───── DATA IN THIS EXERCISE
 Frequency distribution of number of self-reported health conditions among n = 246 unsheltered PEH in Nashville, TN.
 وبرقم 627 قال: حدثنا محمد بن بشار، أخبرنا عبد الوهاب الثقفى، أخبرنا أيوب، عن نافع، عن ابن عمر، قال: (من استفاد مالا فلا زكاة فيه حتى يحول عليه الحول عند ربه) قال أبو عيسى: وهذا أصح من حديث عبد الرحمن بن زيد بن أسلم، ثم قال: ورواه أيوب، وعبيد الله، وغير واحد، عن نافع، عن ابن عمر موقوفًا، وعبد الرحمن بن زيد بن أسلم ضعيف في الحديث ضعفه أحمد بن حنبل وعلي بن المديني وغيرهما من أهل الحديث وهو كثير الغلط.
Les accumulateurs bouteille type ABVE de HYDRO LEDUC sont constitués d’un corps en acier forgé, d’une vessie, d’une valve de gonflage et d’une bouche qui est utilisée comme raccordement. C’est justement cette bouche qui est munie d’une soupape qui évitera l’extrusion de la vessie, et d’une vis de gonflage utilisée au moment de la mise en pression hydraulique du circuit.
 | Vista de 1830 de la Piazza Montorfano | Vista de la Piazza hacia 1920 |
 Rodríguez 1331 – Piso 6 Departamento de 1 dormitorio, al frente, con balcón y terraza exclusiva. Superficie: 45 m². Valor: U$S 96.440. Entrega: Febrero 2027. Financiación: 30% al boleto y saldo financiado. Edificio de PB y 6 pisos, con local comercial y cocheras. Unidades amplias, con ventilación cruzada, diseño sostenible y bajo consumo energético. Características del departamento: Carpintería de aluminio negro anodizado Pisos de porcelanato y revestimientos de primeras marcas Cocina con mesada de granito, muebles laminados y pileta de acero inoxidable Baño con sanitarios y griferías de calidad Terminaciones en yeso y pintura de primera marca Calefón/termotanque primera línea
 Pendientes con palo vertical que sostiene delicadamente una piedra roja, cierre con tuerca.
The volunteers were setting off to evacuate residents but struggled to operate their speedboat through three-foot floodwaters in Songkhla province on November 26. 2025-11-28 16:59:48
──────────
───── DATA IN THIS EXERCISE
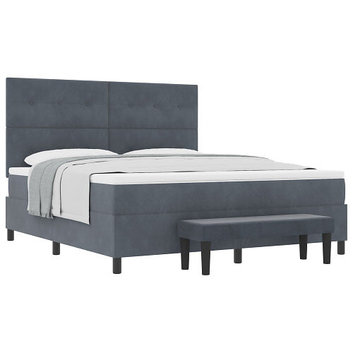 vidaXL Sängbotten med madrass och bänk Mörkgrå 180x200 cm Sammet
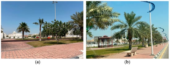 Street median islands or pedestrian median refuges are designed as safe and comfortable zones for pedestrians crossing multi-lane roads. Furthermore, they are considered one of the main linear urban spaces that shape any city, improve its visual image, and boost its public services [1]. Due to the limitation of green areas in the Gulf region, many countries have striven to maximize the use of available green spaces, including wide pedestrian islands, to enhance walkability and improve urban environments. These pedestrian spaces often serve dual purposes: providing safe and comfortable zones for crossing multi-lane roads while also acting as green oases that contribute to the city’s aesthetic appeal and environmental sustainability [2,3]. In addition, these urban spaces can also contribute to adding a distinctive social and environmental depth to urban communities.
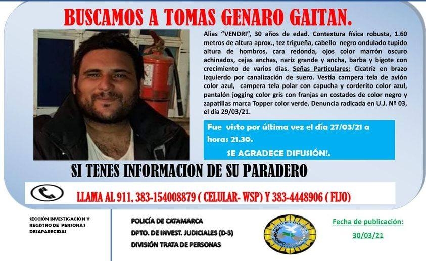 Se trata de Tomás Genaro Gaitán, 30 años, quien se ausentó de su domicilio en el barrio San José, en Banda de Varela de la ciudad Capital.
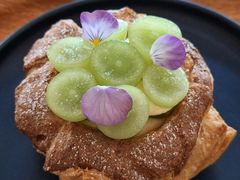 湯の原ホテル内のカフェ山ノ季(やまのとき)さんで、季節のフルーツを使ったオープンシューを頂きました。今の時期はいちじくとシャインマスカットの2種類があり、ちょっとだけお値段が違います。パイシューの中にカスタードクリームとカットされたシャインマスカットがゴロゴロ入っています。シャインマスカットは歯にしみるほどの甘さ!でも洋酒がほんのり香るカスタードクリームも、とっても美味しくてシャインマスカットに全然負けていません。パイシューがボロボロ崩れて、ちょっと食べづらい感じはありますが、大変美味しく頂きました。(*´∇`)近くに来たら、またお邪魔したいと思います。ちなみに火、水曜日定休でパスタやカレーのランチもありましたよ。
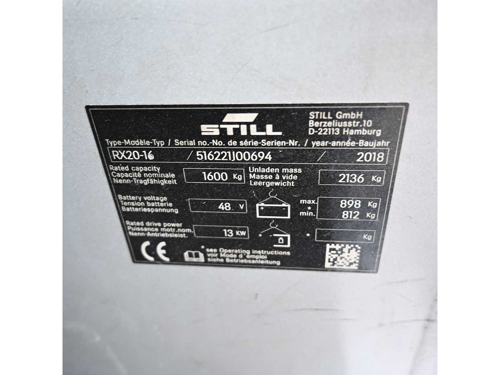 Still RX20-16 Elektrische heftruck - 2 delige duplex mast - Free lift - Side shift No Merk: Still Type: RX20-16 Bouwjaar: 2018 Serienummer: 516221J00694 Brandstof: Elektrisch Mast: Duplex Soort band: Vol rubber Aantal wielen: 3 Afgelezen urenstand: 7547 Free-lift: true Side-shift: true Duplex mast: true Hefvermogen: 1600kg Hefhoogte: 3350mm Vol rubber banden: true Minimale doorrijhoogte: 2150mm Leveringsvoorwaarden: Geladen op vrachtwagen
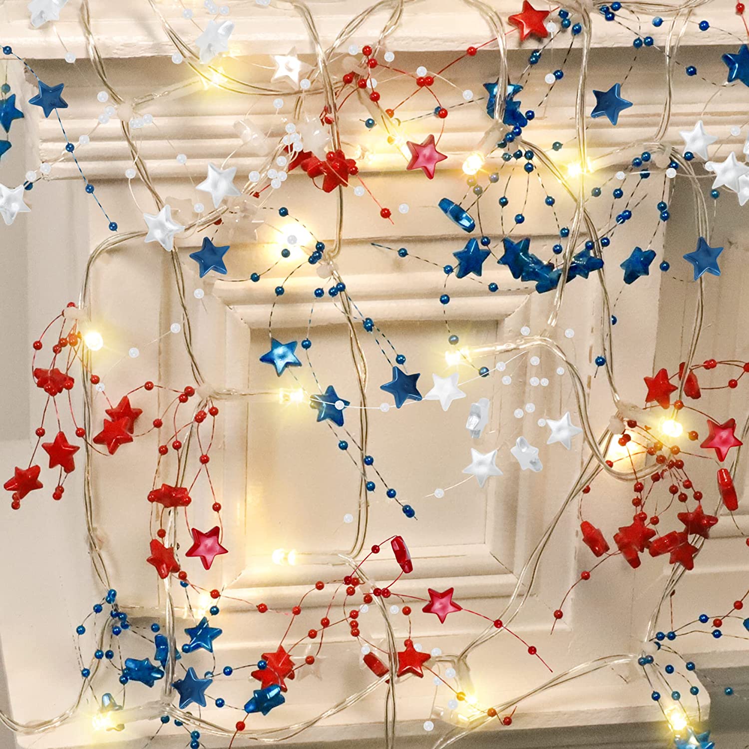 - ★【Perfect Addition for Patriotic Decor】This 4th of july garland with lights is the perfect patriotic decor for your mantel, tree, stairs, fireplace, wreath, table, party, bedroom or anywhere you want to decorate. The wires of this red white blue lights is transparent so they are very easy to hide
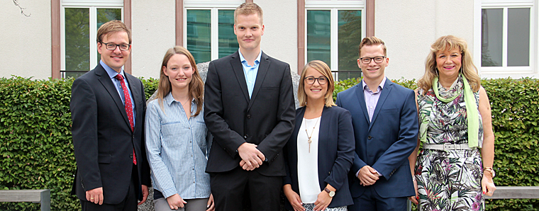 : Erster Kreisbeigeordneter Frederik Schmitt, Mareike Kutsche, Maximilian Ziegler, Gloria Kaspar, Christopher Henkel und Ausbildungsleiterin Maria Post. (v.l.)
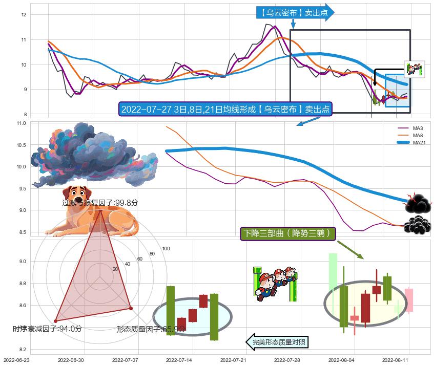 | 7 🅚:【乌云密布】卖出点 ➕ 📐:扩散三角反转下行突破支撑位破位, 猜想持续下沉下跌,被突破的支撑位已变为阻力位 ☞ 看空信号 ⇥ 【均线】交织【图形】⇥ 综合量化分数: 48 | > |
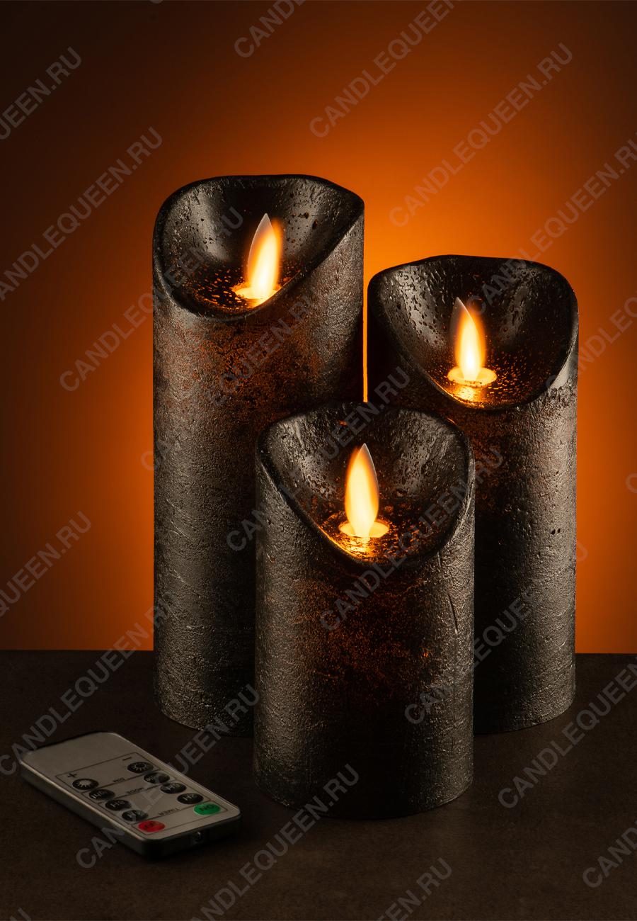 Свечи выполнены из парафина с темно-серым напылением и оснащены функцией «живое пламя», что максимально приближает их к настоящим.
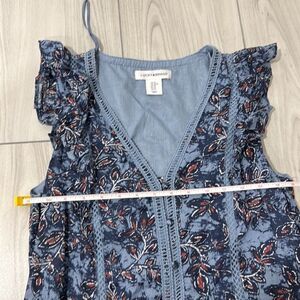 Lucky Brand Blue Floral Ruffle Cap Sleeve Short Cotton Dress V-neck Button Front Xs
──────────
───── DATA IN THIS EXERCISE
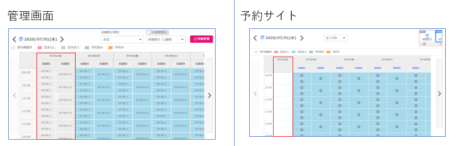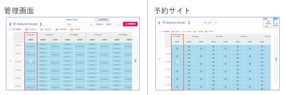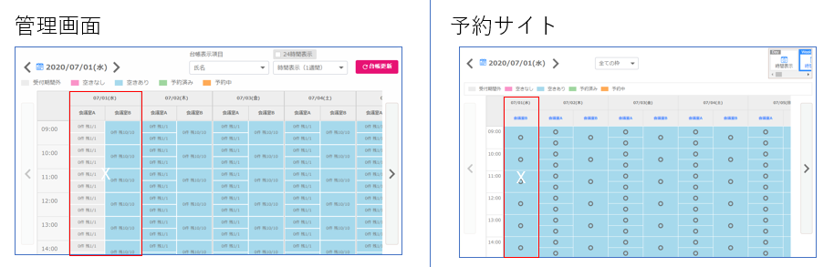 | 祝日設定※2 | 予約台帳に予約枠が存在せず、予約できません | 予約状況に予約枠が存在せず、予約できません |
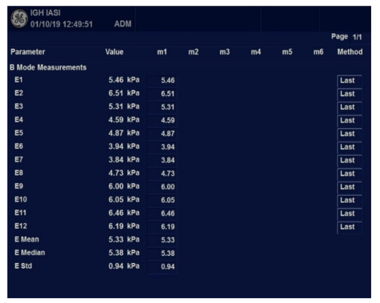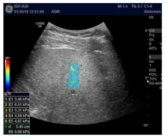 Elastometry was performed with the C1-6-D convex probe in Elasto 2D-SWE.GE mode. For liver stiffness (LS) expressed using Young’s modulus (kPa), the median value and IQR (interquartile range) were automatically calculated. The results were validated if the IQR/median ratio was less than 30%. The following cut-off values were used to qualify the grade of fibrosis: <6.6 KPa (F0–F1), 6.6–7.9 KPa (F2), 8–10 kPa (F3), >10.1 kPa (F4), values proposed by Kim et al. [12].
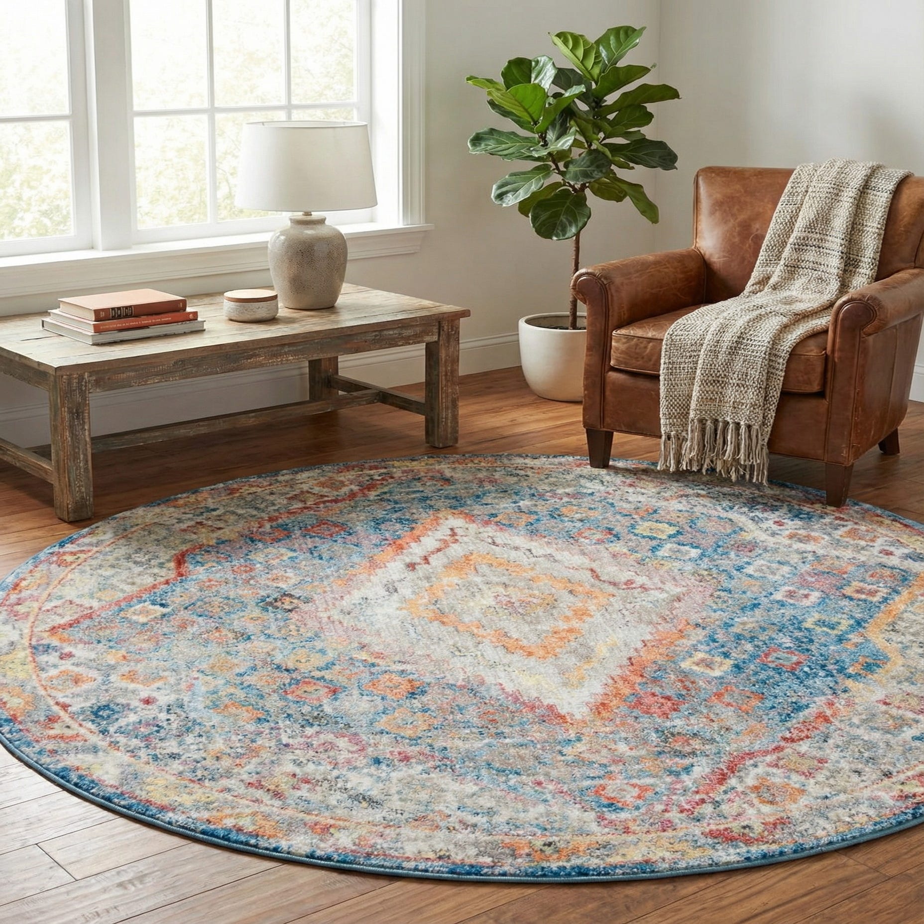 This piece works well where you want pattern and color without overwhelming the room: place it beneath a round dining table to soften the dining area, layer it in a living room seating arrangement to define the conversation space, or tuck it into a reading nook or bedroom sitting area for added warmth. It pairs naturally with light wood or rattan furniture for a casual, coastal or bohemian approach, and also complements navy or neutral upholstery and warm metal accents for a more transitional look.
──────────
* YOUR OBJECTIVE: Exact copy, pictures excluded: every line above from the one containing "Se trata de" to the one containing "Lucky Brand Blue", inclusive, and nothing more.

* ANSWER TO THIS PROBLEM:
 Se trata de Tomás Genaro Gaitán, 30 años, quien se ausentó de su domicilio en el barrio San José, en Banda de Varela de la ciudad Capital.
 湯の原ホテル内のカフェ山ノ季(やまのとき)さんで、季節のフルーツを使ったオープンシューを頂きました。今の時期はいちじくとシャインマスカットの2種類があり、ちょっとだけお値段が違います。パイシューの中にカスタードクリームとカットされたシャインマスカットがゴロゴロ入っています。シャインマスカットは歯にしみるほどの甘さ!でも洋酒がほんのり香るカスタードクリームも、とっても美味しくてシャインマスカットに全然負けていません。パイシューがボロボロ崩れて、ちょっと食べづらい感じはありますが、大変美味しく頂きました。(*´∇`)近くに来たら、またお邪魔したいと思います。ちなみに火、水曜日定休でパスタやカレーのランチもありましたよ。
 Still RX20-16 Elektrische heftruck - 2 delige duplex mast - Free lift - Side shift No Merk: Still Type: RX20-16 Bouwjaar: 2018 Serienummer: 516221J00694 Brandstof: Elektrisch Mast: Duplex Soort band: Vol rubber Aantal wielen: 3 Afgelezen urenstand: 7547 Free-lift: true Side-shift: true Duplex mast: true Hefvermogen: 1600kg Hefhoogte: 3350mm Vol rubber banden: true Minimale doorrijhoogte: 2150mm Leveringsvoorwaarden: Geladen op vrachtwagen
 - ★【Perfect Addition for Patriotic Decor】This 4th of july garland with lights is the perfect patriotic decor for your mantel, tree, stairs, fireplace, wreath, table, party, bedroom or anywhere you want to decorate. The wires of this red white blue lights is transparent so they are very easy to hide
 : Erster Kreisbeigeordneter Frederik Schmitt, Mareike Kutsche, Maximilian Ziegler, Gloria Kaspar, Christopher Henkel und Ausbildungsleiterin Maria Post. (v.l.)
 | 7 🅚:【乌云密布】卖出点 ➕ 📐:扩散三角反转下行突破支撑位破位, 猜想持续下沉下跌,被突破的支撑位已变为阻力位 ☞ 看空信号 ⇥ 【均线】交织【图形】⇥ 综合量化分数: 48 | > |
 Свечи выполнены из парафина с темно-серым напылением и оснащены функцией «живое пламя», что максимально приближает их к настоящим.
 Lucky Brand Blue Floral Ruffle Cap Sleeve Short Cotton Dress V-neck Button Front Xs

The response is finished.